Florida delivered as promised as national front runners were singled out in the state’s primary contest. A record-setting turnout gave Senator John McCain 57 winner-take-all delegates and Senator Hillary Clinton a little more than a few days of bragging rights. The Democratic Party had stripped Florida of its delegates as a penalty for moving its primary ahead of February 5.
Floridians were also voting on a Constitutional Amendment to lower property taxes— bedeviling pollsters once again as the amendment brought out more voters, including more moderate voters, which helped give John McCain a clear margin of victory. These casual voters were not factored into Mitt Romney’s game plan and it cost him dearly.
McCain also had last-minute help from Senator Mel Martinez and Governor Charlie Crist. The Martinez endorsement was influential with south Florida Hispanics who hope for a more flexible plan to deal with the nation’s illegal immigrants. And Governor Crist had long been in the Giuliani camp, his last-minute switch from Giuliani to endorse the Arizona senator further helped McCain. (Rumors are Crist brokered his support to McCain for Vice President consideration but the McCain camp is denying it.) Jeb Bush, whose former campaign team and staffers ran the Romney effort, personally stayed out of the endorsement bidding process, hurting the former Massachusetts governor.
And who may be making the best case for V.P.?

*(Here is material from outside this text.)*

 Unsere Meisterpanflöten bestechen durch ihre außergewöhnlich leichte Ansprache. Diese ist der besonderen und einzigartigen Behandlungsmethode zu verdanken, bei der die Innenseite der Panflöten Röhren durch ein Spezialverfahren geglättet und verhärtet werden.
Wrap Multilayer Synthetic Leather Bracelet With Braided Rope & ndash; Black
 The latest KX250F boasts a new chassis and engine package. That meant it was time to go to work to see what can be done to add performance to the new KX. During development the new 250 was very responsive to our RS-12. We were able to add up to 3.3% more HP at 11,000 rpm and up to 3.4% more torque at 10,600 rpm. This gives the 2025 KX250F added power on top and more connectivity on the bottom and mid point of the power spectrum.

Mike Huckabee finished fourth, right behind Giuliani but had a successful week of fundraising in the state. He remains the least talked about candidate in national media circles, but he may be holding the keys to the White House. Not for himself, mind you, but for another.
Many agree that the results in Florida are a good sampling that mirrors the country as a whole. In light of that, look at how Huckabee faired with the evangelical base. Remember, they are voters that Romney also needed to win in Florida as well in future contests.

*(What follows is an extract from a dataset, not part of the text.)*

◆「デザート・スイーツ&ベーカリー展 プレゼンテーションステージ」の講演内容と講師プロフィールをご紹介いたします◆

According to Florida exit polling conducted by Edison Media Research, among those who identified themselves as evangelical Christians, McCain received 30 percent, Romney 29 percent and Huckabee 29 percent. This three-way split of the “values” vote indicates confusion within the base, probably over Huckabee’s electability and the division of who, among the other two contenders, is best suited to carry the social conservative agenda.
While the split casts doubt about Mike Huckabee’s ability to win outright in other states, it clearly shows a solid base for the governor that will allow him to collect a respectable amount of delegates in non winner-take-all states.